Hotelling T² — multivariate two-sample test¶
Module: shadow.statistical.hotelling
Function: hotelling_t2(x1, x2, alpha=0.05, permutations=0)
What it computes¶
Given two matrices X1 (n1 × D) and X2 (n2 × D) representing
behavioral fingerprints from a baseline and a candidate trace,
hotelling_t2 tests:
H0: μ1 = μ2 (no behavioral shift on any axis)
H1: μ1 ≠ μ2 (some axis has shifted)
It returns a HotellingResult with the T² statistic, its F
approximation, a p-value, and a reject_null decision at the given
α level.
Guarantee¶
Under multivariate normality with equal covariances, the F transform
F = ((n1 + n2 − D − 1) / ((n1 + n2 − 2) D)) · T²
is exactly F-distributed with (D, n1+n2−D−1) degrees of freedom
under H0. So p_value < α is an exact size-α test.

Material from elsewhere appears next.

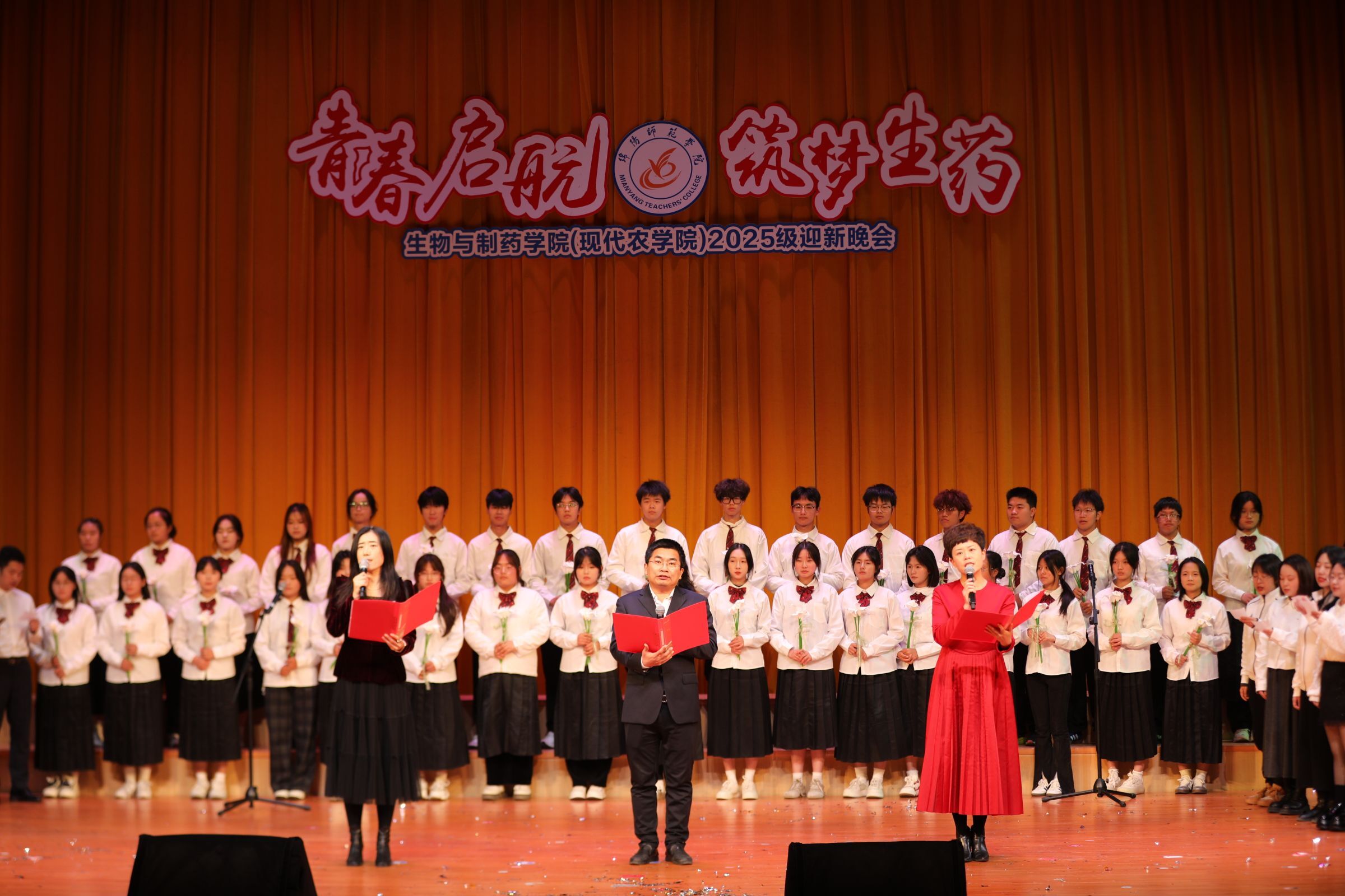 11月20日晚,生物与制药学院“青春启航 筑梦生药”2025级迎新晚会于行知音乐厅举行。学院党政领导班子、全体教师及2025级新生共同出席。学院党政领导班子高度重视本次晚会,提前统筹部署,对筹备工作全程指导,并在主题设定、节目编排等关键环节严格把关,通过这一视听盛宴传递学院的人文关怀与集体温暖。晚会伊始,学院负责人代表领导班子致辞,向全体新生表示热烈欢迎,并介绍了学院的办学特色。他寄语新生:以“格物致知”的钻劲锤炼专业本领,以“守正创新”的勇气涵养科学精神,以“精业济民”的担当书写卓越人生。

When n1+n2−2 is small relative to D (the "small-sample / high-D" regime), the pooled covariance is poorly conditioned. Shadow applies the Oracle Approximating Shrinkage estimator (OAS, Chen, Wiesel, Eldar & Hero 2010):
Σ̂_OAS = (1 − ρ̂) S + ρ̂ (tr(S)/D) I
with ρ̂ computed in closed form. After shrinkage the F null is no
longer exact — the test is asymptotically valid but has finite-sample
bias. For exact size control at small n, pass permutations=N and
the function returns a Monte-Carlo permutation p-value with the
Phipson-Smyth (2010) correction (b+1)/(B+1).
Algorithm¶
- Compute sample means μ̂1, μ̂2 and pooled covariance S.
- Apply OAS shrinkage to S → Σ̂_OAS.
- Invert Σ̂_OAS (fall back to pseudo-inverse on singular).

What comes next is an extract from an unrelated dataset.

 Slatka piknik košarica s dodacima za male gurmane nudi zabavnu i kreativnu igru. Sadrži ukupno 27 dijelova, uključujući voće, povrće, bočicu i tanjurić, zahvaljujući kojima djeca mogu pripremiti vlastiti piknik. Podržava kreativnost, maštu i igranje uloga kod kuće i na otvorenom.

- T² = (n1·n2)/(n1+n2) · (μ̂1−μ̂2)ᵀ Σ̂_OAS⁻¹ (μ̂1−μ̂2).
- F-statistic and p-value via
scipy.stats.f.sf(or permutation loop ifpermutations > 0).
References¶
- Hotelling, H. (1931). "The generalization of Student's ratio."
- Chen, Wiesel, Eldar & Hero (2010). "Shrinkage Algorithms for MMSE Covariance Estimation." IEEE Trans. Signal Processing.
- Anderson, T. W. (2003). An Introduction to Multivariate Statistical Analysis (3rd ed.). Permutation T² in §5.3.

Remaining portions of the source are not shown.